Thursday, June 01, 2006

 

Mastering and paging JavaScript: Problems

ASP.NET 2.0 introduced the potentially useful master and content pages, but with them it also introduced new problems for client-side scripts. The ID of each content page element is extended and qualified in one of Microsoft's obscurely documented conventions. Client-side scripts that try to use the ID values that a programmer specified will fail.

Microsoft usually gives client-side scripts a pass; ASP.NET 2.0 was designed to promote and sell server software. Client-side scripts have the added demerits, in Microsoft's eyes, of using JavaScript, a language designed by a competitor, or ECMAscript, an international standard. Their document purgers, currently in ascendance with VS (Visual Studio), have removed from distributed "Help" documents several articles and sections of articles that might reveal the client-side problems and assist in solving them. However, many articles remain available in libraries distributed by MSDN (Microsoft Developer Network) and displayed at Microsoft's web sites. Key sections of documentation are the topics "Web Server Controls," "ASP.NET Programming" and "ASP.NET Controls" under "Visual Web Developer" in the VS library and the topic "ASP.NET Server Controls" under "Creating Web Applications and Services" in the MSDN library.

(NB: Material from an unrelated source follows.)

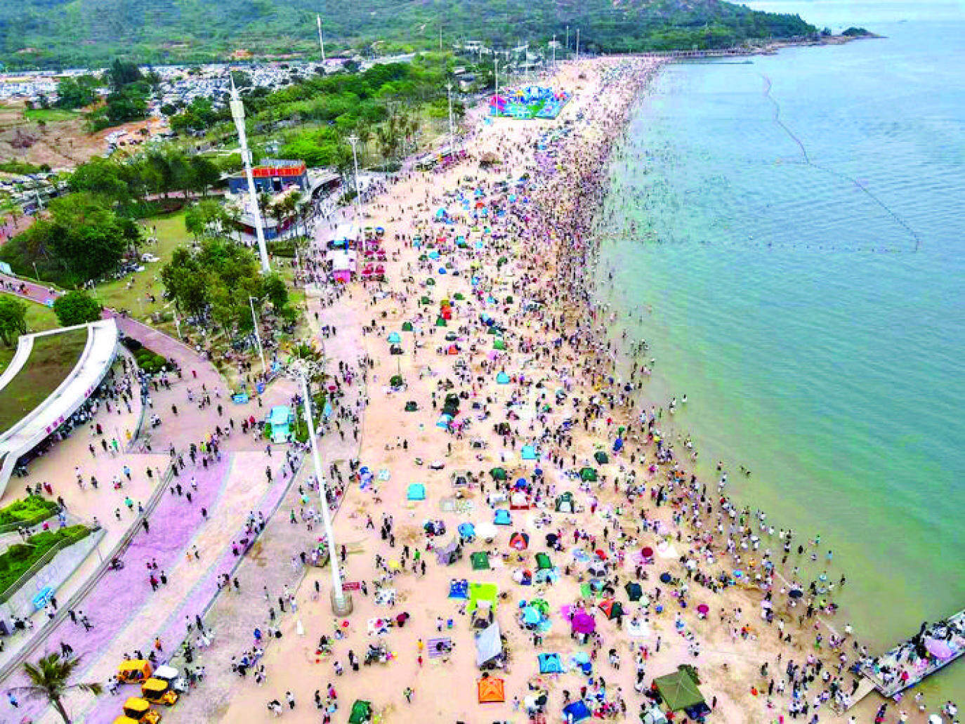 4月30日14時30分,大亞灣黃金海岸沙灘人流飽和,當日預(yù)約關(guān)閉。惠州日報記者黃旭新 攝

The root of the client-side problems with master pages is name qualification, which occurs when a control is located within the scope of another control that acts as a "naming container." Naming containers are largely of interest with controls that generate collections of other controls--any templated control and all standard controls that use templates: Repeater, DataGrid, DataList, CheckBoxList, ChangePassword, LoginView, Menu, SiteMapNodeItem and RadioButtonList. See the articles "Web Forms Control Identification," available in both VS and MSDN, and "Referencing Controls in Web Forms Pages," available only in MSDN. The article "Client Script in ASP.NET Web Pages" says that the ID values of controls in the scope of a naming container will be extended and qualified so that they are unique on a page, but it does not say how this is done. The article warns against using the extended and qualified names in client-side script: "The formula used to generate unique IDs for child controls can change."

A master page is associated with the MasterPage class, which is derived from the UserControl class and therefore implements the INamingContainer Interface. ID values of all controls in the scope of a master page will be extended and qualified--including everything on associated content pages. The fact that a master page acts as a naming container is referred to obliquely in just a single "Visual Web Developer" article, "How to: Reference ASP.NET Master Page Content." This article says that to identify a control located on a master page, one needs "the FindControl method, using the value returned by the Master property as the naming container." An October, 2003, article from MSDN, "Web Site Consistency Made Easy with ASP.NET 2.0 Master Pages," says, "Each instance of System.Web.UI.ContentPlaceHolder within a Master Page acts as a naming container."

Most client-side scripts used with master and content pages must somehow deal with controls on their pages, but Microsoft provides no guidance for how to do this. Its documentation addresses only issues of how to identify controls in server-side code. There is no equivalent to the FindControl method available to a client-side script, yet Microsoft has been aware since at least 2003 that its master-content architecture would be incompatible with client-side scripts.